Dalam buku teks ekonomi, ada sebuah teori yang mencoba untuk mengeksplorasi hubungan penting antara uang dan tingkat harga. Teori tersebut dikenal dengan teori kuantitas uang.
Teori tersebut menyatakan bahwa bahwa pengeluaran total (dalam bentuk uang) sebanding dengan jumlah uang yang ada dalam perekonomian. Secara matematis, ini dapat dirumuskan sebagai berikut:
M × V = P × Y
Sisi sebelah kiri merepresentasikan jumlah uang, dimana V adalah kecepatan peredaran uang (berapa kali uang yang sama berpindah tangan) dan M adalah jumlah uang yang beredar. Sedangkan, sisi sebelah kanan merepresentasikan nilai moneter dari output sebuah perekonomian, yang mana P adalah tingkat harga rata-rata, dan Y adalah output riil.
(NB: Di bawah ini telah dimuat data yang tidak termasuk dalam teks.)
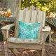 Palm Leaf Print, Turquoise, Teal and Light Aqua Throw Pillow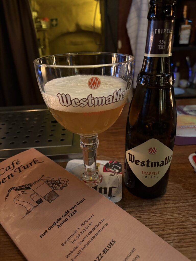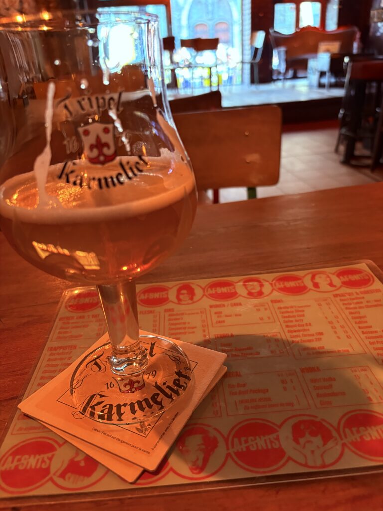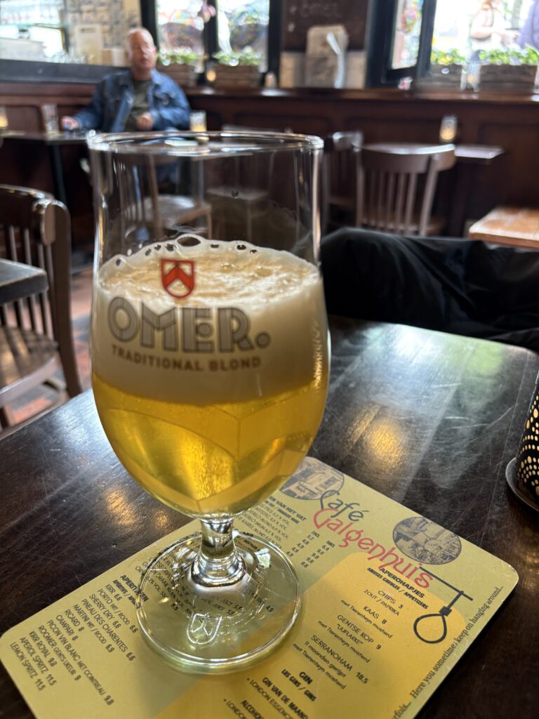 Die rustige Vlaamse gesprekke rondom my in die gedempte lig sypel vreedsaam binnekant toe… soos die bier.

Ide dasarnya adalah bahwa selama periode tertentu, jumlah uang yang digunakan untuk membeli semua barang dan jasa dalam perekonomian, M × V, sama dengan nilai moneter dari output ini, P × Y.
Mari kita ambil contoh sederhana, asumsikan, perekonomian hanya memproduksi satu jenis barang X. Ketika uang sebesar Rp100 (M) berpindah tangan dua kali, maka uang tersebut dapat membeli barang X yang berharga 50 (P) sebanyak 4 unit. Di sini, nilai moneter output adalah kuantitas barang dikali dengan harganya.
Dari teori ini, kemudian muncullah kelompok ekonom monetaris, yang percaya bahwa tingkat harga (tingkat inflasi) dapat dikendalikan melalui memanipulasi laju pertumbuhan jumlah uang beredar. Mereka berpendapat bahwa ada hubungan sebab akibat dari pertumbuhan uang ke inflasi.